As Intel struggles to get 7nm chip production off-the-ground, Taiwanese foundry TSMC this week said it was launching risk production of a cutting edge 3nm node this year, with volume production on track for the second half of 2021. Semiconductors produced on that new process will have a 70% logic density gain, up to 15% performance gain and up to 30% power reduction as compared with 5nm, TSMC’s CEO claimed.
The CPU production process involves etching images onto a piece of silicon. The smaller the manufacturer can make the transistors, the more calculations they can do without overheating and the more cores they can add per chip. Smaller, faster, cooler chips, in other words. (TSMC produces semiconductors of varied stripes for chipmakers/designers ranging from Intel to AMD, NVIDIA to Google; Apple to Qualcomm.)
“We are confident our 3 nanometer will be another large and long-lasting node”, CEO C.C. Wei said on the TSMC earnings call. Within coming years these will find their way into formidably fast smartphones, data centre servers and more. Computing is not slowing down soon. (The company declined to comment on anticipated 3nm penetration into x86).
Smartphone, high-performance computing (HPC) and Internet-of-Things (IoT) chip demand from semiconductor foundry TSMC was rampant, growing 23%, 39% and 28% respectively year-on-year in the last quarter, with CFO Wendell Huang noting on the Taiwanse firm’s earnings call that “our utilisation rate… was at an extremely high level.”
(Overall, smartphone accounted for 48% of 2020 revenue. HPC accounted for 33% and IoT accounted for 8%. The revenue contribution of TSMC’s advanced 5nm nodes came in at 8% of 2020 wafer revenue).
Capex. Huh. What is it good for?
The foundry had capex of $17.2 billion in 2020. It’s ramping that up by up to $10+ billion in 2021 to a range of $25 billion-$28 billion.
“About 80% of the capital budget will be allocated for advanced process technologies, including 3 nanometre, 5 nanometer and 7 nanometer [processes]” said CFO Wendell Huang, Thursday, Jan 14.
The end of Moore’s law is making it harder and more expensive to squeeze more out of semiconductors, but TSMC said it “we believe a higher level of capacity, capital intensity is appropriate to capture the future growth opportunities”, adding that the company’s capital intensity range was “between 38% and 50%”, with capex tripling between 2010 and 2014.
TSMC earnings call: Customers stocking up on inventory.
Once bitten, twice shy, meanwhile: chip buyers are stocking up after being burned by the sudden Covid-19 outbreak in 2019, CEO C.C. Wei said on the earnings call: “We expect the supply chain and our customer to prepare a higher level of inventory… for a longer period of time, given the industry’s continued need to ensure supply security.”

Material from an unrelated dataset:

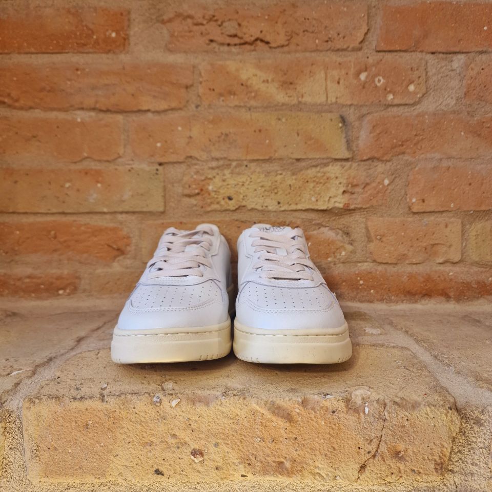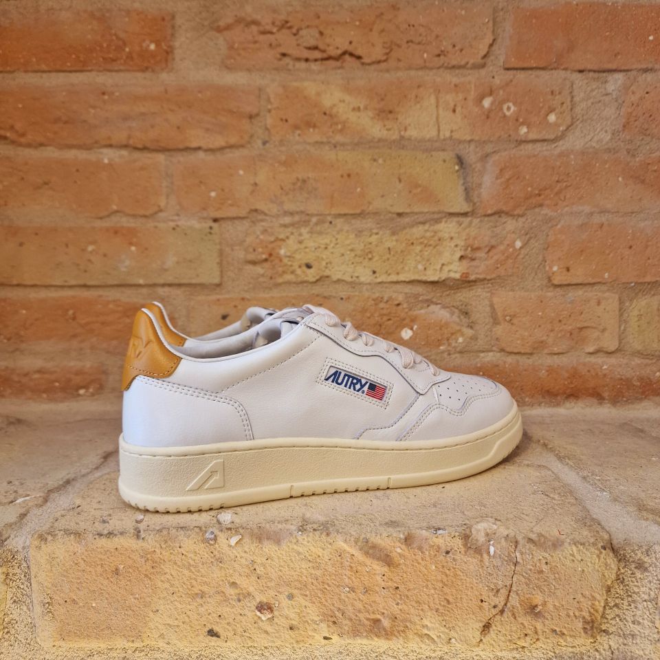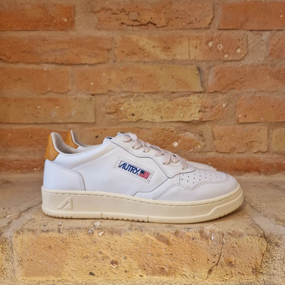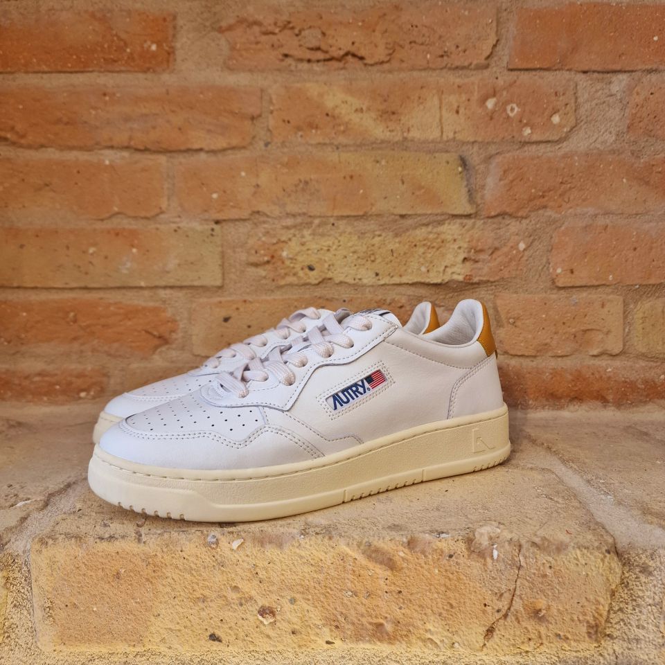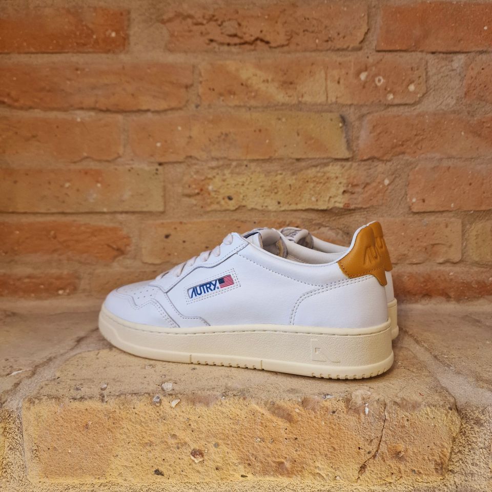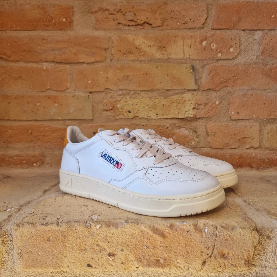 Sneakers in pelle di vitello bianca e tallone giallo.

Explaining widely reported issues with automotive chipset deliveries, the CEO told analysts: “The automotive market has been soft since 2018. Entering 2020, COVID-19 further impacted the automotive market. The auto supply chain was affected throughout the year and our customers continued to decrease their demand in the third quarter.
He added: “However, the automotive supply chain is long and complex, where many of our technology nodes has been tight throughout 2020 due to strong demand from our other customers… as demand from the automotive supply chain is rebounding, the shortage in automotive supply has become more obvious. In TSMC, this is our top priority and we are working closely with our automotive customer to resolve the capacity support issue.”
On 5G, the CEO added: “We believe 5G is a multi-year mega trend that will enable a world where digital computation is increasingly ubiquitous, which will fuel the growth of all four of our growth platforms.”